The miles upon relentless miles of air above Venus trap heat, a runaway greenhouse effect in full bloom. It makes the surface so hot that it's warmer there than on Mercury, despite the latter planet sitting closer to the sun.

Want to melt some lead? Just leave a lead bar sitting around on the surface of Venus, and wait. The atmosphere will do the rest of the work.

Japan's Akatsuki spacecraft captured this false-color image of Venus' dayside on March 30, 2018. (Image credit: JAXA/PLANET-C Project Team)

To make this hellish nightmare of a planet even worse (because why not), Venus' atmosphere hosts a substantial amount of sulfuric acid. The acid forms clouds in the upper atmosphere, and below that a pea-soup foggy haze, before condensing to produce acid rain.

But that acid rain doesn't even make it to the surface: the temperatures and pressures quickly evaporate it before it touches the ground.

Is Venus nasty? You bet. Is it special? Well, it's certainly one-of-a-kind.

Saturn's love for geometry

This colorful, high-resolution view of Saturn's hexagon was created using data from NASA's Cassini spacecraft. 
(Image credit: NASA/JPL-Caltech/SSI/Hampton University)

So, Saturn has a hexagon on its north pole. No joke, we have pictures of it and everything. A real, legit geometric shape, staring at us like some sort of cosmic joke.

But it's no joke, just physics. The north pole of Saturn is dominated by a giant vortex-like hurricane, as winds whip around the planet at hundreds of miles per hour. But as you migrate farther south, the winds fade down to more sedate speeds.

At a particular latitude, those winds become unstable, as faster-moving winds rub against their slower-moving cousins. The turbulent motion creates smaller, semi-permanent hurricanes, strung like beads on a necklace in Saturn's northern hemisphere. These hurricanes shape and sculpt the jet stream above them, forcing the winds to take on a distinctly six-sided appearance.

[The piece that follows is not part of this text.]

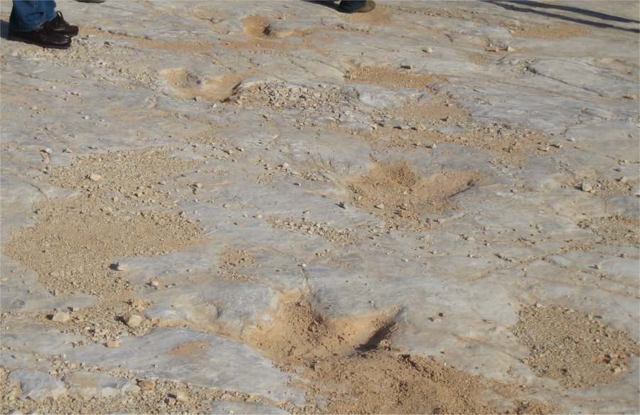 com vestígios das pegadas de dinossauros. Ficheiro:
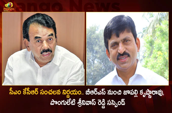 బీఆర్ఎస్ పార్టీ అధినేత, తెలంగాణ ముఖ్యమంత్రి కె. చంద్రశేఖర్ రావు సంచలన నిర్ణయం తీసుకున్నారు. మాజీ మంత్రి జూపల్లి కృష్ణారావు, మాజీ ఎంపీ పొంగులేటి శ్రీనివాసరెడ్డిలను పార్టీ నుంచి సస్పెండ్ చేశారు. ఈ మేరకు బీఆర్ఎస్ కేంద్ర కార్యాలయం సోమవారం ప్రకటించింది. గత కొంతకాలంగా ఈ ఇరువురు నేతలు పార్టీ వ్యతిరేక కార్యకలాపాలకు పాల్పడుతుండటంతో.. పార్టీ క్రమశిక్షణ ఉల్లంఘించినందుకు వారిపై వేటు వేస్తున్నట్లు ప్రకటించింది. కాగా ఖమ్మం మాజీ ఎంపీ పొంగులేటి కొంత కాలంగా పార్టీకి దూరంగా ఉంటున్నారు. బీఆర్ఎస్ పార్టీకి వ్యతిరేకంగా ఉమ్మడి ఖమ్మంలో వరుసగా ఆత్మీయ సమ్మేళనాలు నిర్వహిస్తున్నారు. ఈ క్రమంలో ఆదివారం కొత్తగూడెంలో ఆత్మీయ సమ్మేళనం నిర్వహించారు. ఈ కార్యక్రమానికి ముఖ్య అతిథిగా మాజీ మంత్రి జూపల్లి కృష్ణారావు హాజరయ్యారు.

So, if you're a fan of geometry, there's no better planet than Saturn. Nobody else in our solar system sports such an arrangement of storms, making the ringed world an absolute standout.

https://youtu.be/bFVa_iVXvN8

A surprise from Titan

The hexagon isn't the only surprise to be found in the Saturnian system. Saturn's largest moon, Titan, is shrouded in dense, impenetrable fog.

And that fog hides a wonderful secret.

Titan's atmosphere is thick —by far, the thickest of any moon in the solar system, and even 50% thicker than the Earth's atmosphere. It's mostly nitrogen (just like the air of Earth) but also has a fair bit of methane and ethane. That gives Titan its characteristic yellow, ugly hue. And just above the surface, the methane bonds with hydrogen, sprinkling a few clouds in the smog.

https://youtu.be/5ivkzvXolwU

And sometimes that methane forms droplets and falls to the ground, where it pools and collects to create streams, rivers, lakes, and even oceans of methane. And if it gets a little toasty, some of that methane evaporates back into the atmosphere, starting the cycle anew.

A complete cycle, akin to the water cycle on Earth, but at a temperature a few hundred degrees below zero. And with methane.

Besides the Earth itself, Titan is the only world in the solar system to boast liquids on its surface. Methane seas. Methane rain. A landscape dominated by liquid hydrocarbons. Life as we know it requires water, but it's not impossible for some form of life to arise in this methane oasis at the edge of the solar system.

And any place that could potentially host life is most certainly special.